» **Material for this exercise**
******

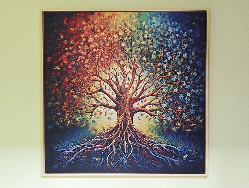 Neutral walls let subtle artwork colors shine without competing for attention. The muted gold and blue tones in Soul tree complement both cool grey and warm cream interiors. If your room already features bold colors, choose an artwork with softer hues to create visual balance rather than contrast.
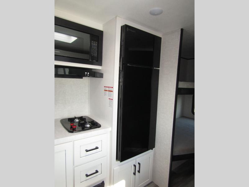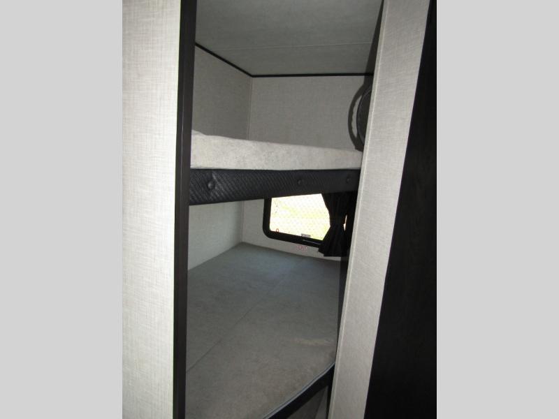 Any time spent in this travel trailer will be time well spent! You can easily sleep eight people each night thanks to the double-size bunks, front Murphy bed, and U-shaped dinette within the slide out. There is a full bath next to the bunks for easy nighttime use, and the linen closet will be perfect for clean towels. A cooktop, microwave oven, and 8 cu. ft. 12V refrigerator will let you cook and store food, and there is an overhead cabinet for spices or snacks! The optional STX Edition can be added on this model which includes 16 in. off-road tires, triple entry steps, a power tongue jack, and more!
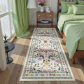 Deerly Floral Washable Rugs 8x10 Large Vintage Living Room Carpet Boho Non-Slip Soft Low Pile Thin Bedroom Floor Mat Indoor for Dining Room Playroom Nursery Farmhouse, Beige/Light Pink/Multi
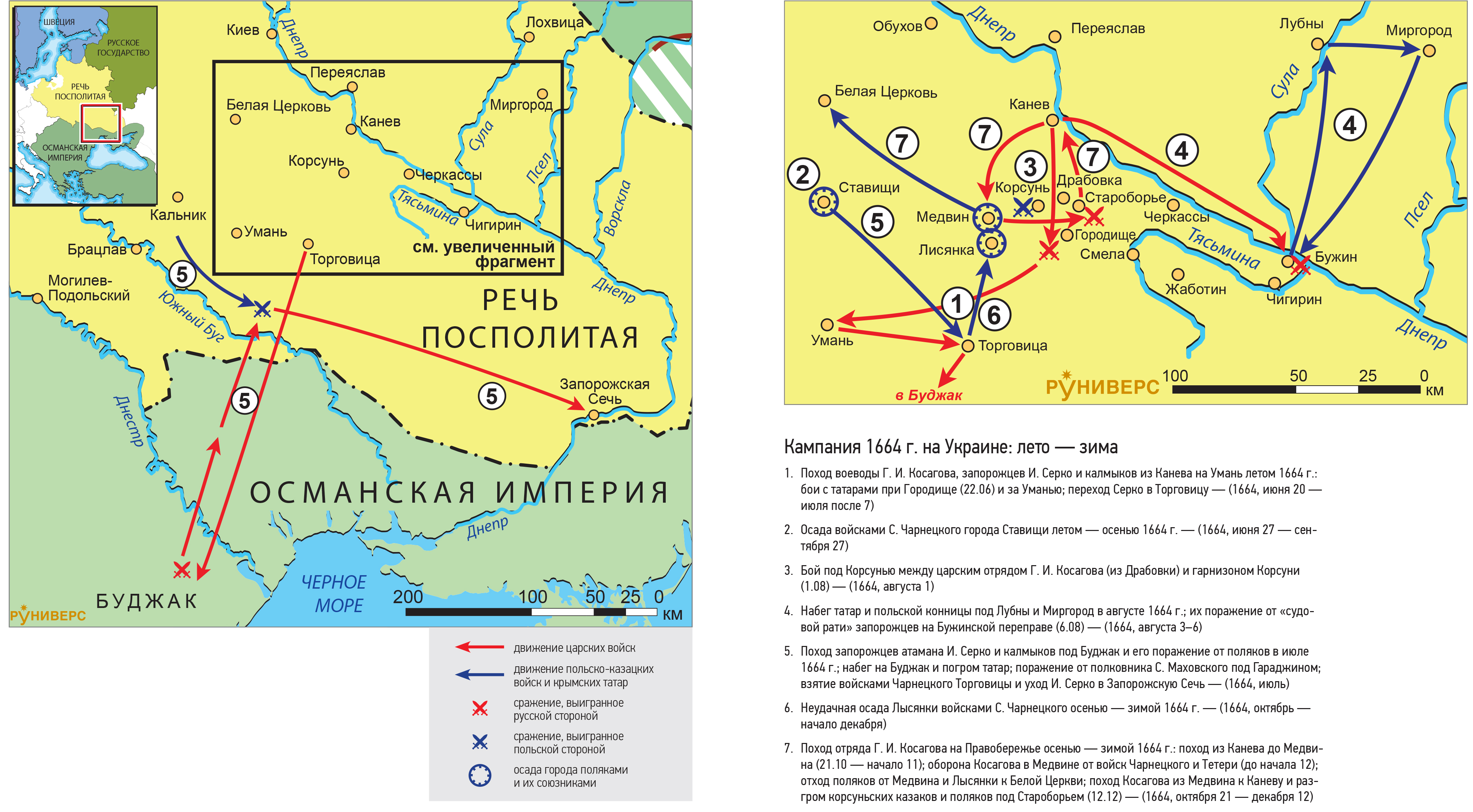 7. Поход отряда Г. И. Косагова на Правобережье осенью — зимой 1664 г.: поход из Канева до Медвина (21.10 — начало 11); оборона Косагова в Медвине от войск Чарнецкого и Тетери (до начала 12); отход поляков от Медвина и Лысянки к Белой Церкви; поход Косагова из Медвина к Каневу и разгром корсуньских казаков и поляков под Староборьем (12.12) — (1664, октября 21 — декабря 12)
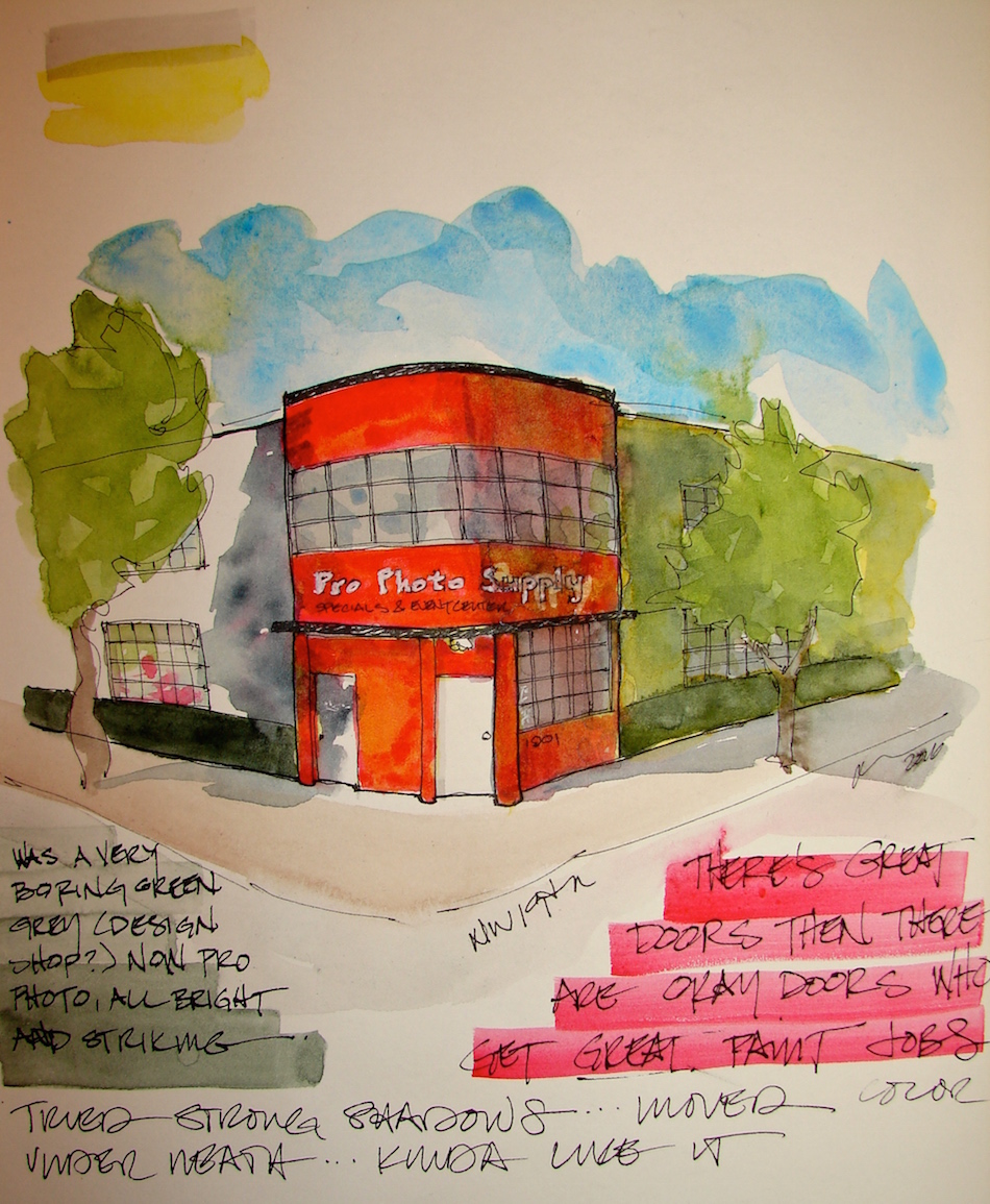 Around the corner from the main Pro Photo shop on 19th is the new-old building, where they’ve taken a dull green-grey corner at 18th and Marshall and brightened it up.
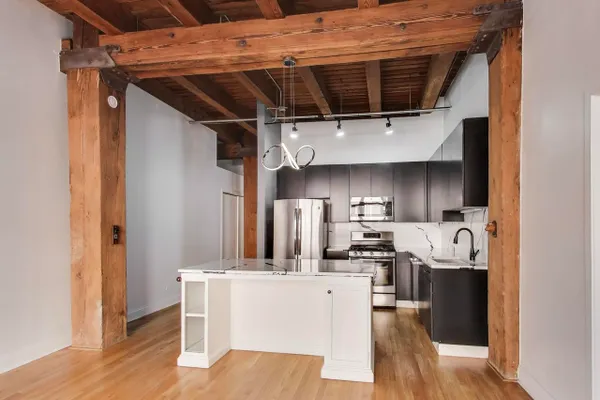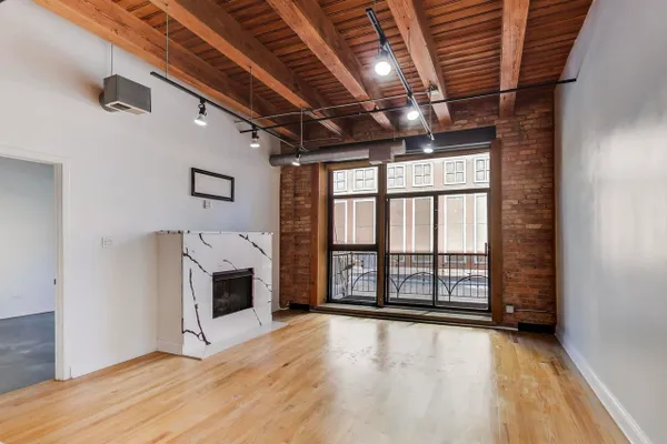 HOT SOUTH LOOP - Cosmopolitan Lofts!! Available for immediate move-in. Absolutely STUNNING, designer 1-bedroom, 1-bath + powder room, with a balcony and optional heated garage parking with private EV charger available for purchase in a boutique ELEVATOR building. This beautiful brick and timber loft is sun filled with almost floor to ceiling windows, tall-beamed ceilings, timber columns, exposed brick and hardwood floors (except bedrooms). The contemporary floor plan includes an open kitchen, living, and dining areas. New kitchen in 2026 includes 42" custom cabinetry, quartz countertop and backsplash and a large custom island with seating, and all new stainless-steel appliances. The fully enclosed bedroom has tall ceilings, a large walk-in closet and a beautiful, highly upgraded SPA BATHROOM with an oversized shower with bench, custom shower door, and double bowl sinks with designer anti fog, lighted mirrors. Large sliding door to balcony for grilling and viewing the city. Central heat and air conditioning. Separate laundry room with side-by-side washer/dryer in unit! Gas fireplace with quartz surround. Large storage cage included. The building has a large gym/fitness room off the lobby. Located in the heart of the South Loop restaurant and shopping district, next door to Trader Joe's and close to Jewel Osco, FFC Gym, Columbia College, and the lakefront. Easy access to CTA train or bus. Heated garage parking space #34 with EV charger is available in the building garage $30,000 plus monthly garage assessment of $70.36/month. This is a fabulous, MUST-SEE HOME!!
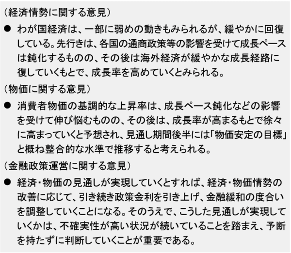 図表1に、今回の「主な意見」の三つの項目(「経済情勢」「物価」「金融政策運営に関する意見」)で、それぞれ一番目に掲載された意見を抜粋しました。これが日銀の今の公式見解になります。

******

Pictures included in the data should be dropped; everything else must be repeated exactly.

 Neutral walls let subtle artwork colors shine without competing for attention. The muted gold and blue tones in Soul tree complement both cool grey and warm cream interiors. If your room already features bold colors, choose an artwork with softer hues to create visual balance rather than contrast.
 Any time spent in this travel trailer will be time well spent! You can easily sleep eight people each night thanks to the double-size bunks, front Murphy bed, and U-shaped dinette within the slide out. There is a full bath next to the bunks for easy nighttime use, and the linen closet will be perfect for clean towels. A cooktop, microwave oven, and 8 cu. ft. 12V refrigerator will let you cook and store food, and there is an overhead cabinet for spices or snacks! The optional STX Edition can be added on this model which includes 16 in. off-road tires, triple entry steps, a power tongue jack, and more!
 Deerly Floral Washable Rugs 8x10 Large Vintage Living Room Carpet Boho Non-Slip Soft Low Pile Thin Bedroom Floor Mat Indoor for Dining Room Playroom Nursery Farmhouse, Beige/Light Pink/Multi
 7. Поход отряда Г. И. Косагова на Правобережье осенью — зимой 1664 г.: поход из Канева до Медвина (21.10 — начало 11); оборона Косагова в Медвине от войск Чарнецкого и Тетери (до начала 12); отход поляков от Медвина и Лысянки к Белой Церкви; поход Косагова из Медвина к Каневу и разгром корсуньских казаков и поляков под Староборьем (12.12) — (1664, октября 21 — декабря 12)
 Around the corner from the main Pro Photo shop on 19th is the new-old building, where they’ve taken a dull green-grey corner at 18th and Marshall and brightened it up.
 HOT SOUTH LOOP - Cosmopolitan Lofts!! Available for immediate move-in. Absolutely STUNNING, designer 1-bedroom, 1-bath + powder room, with a balcony and optional heated garage parking with private EV charger available for purchase in a boutique ELEVATOR building. This beautiful brick and timber loft is sun filled with almost floor to ceiling windows, tall-beamed ceilings, timber columns, exposed brick and hardwood floors (except bedrooms). The contemporary floor plan includes an open kitchen, living, and dining areas. New kitchen in 2026 includes 42" custom cabinetry, quartz countertop and backsplash and a large custom island with seating, and all new stainless-steel appliances. The fully enclosed bedroom has tall ceilings, a large walk-in closet and a beautiful, highly upgraded SPA BATHROOM with an oversized shower with bench, custom shower door, and double bowl sinks with designer anti fog, lighted mirrors. Large sliding door to balcony for grilling and viewing the city. Central heat and air conditioning. Separate laundry room with side-by-side washer/dryer in unit! Gas fireplace with quartz surround. Large storage cage included. The building has a large gym/fitness room off the lobby. Located in the heart of the South Loop restaurant and shopping district, next door to Trader Joe's and close to Jewel Osco, FFC Gym, Columbia College, and the lakefront. Easy access to CTA train or bus. Heated garage parking space #34 with EV charger is available in the building garage $30,000 plus monthly garage assessment of $70.36/month. This is a fabulous, MUST-SEE HOME!!
 図表1に、今回の「主な意見」の三つの項目(「経済情勢」「物価」「金融政策運営に関する意見」)で、それぞれ一番目に掲載された意見を抜粋しました。これが日銀の今の公式見解になります。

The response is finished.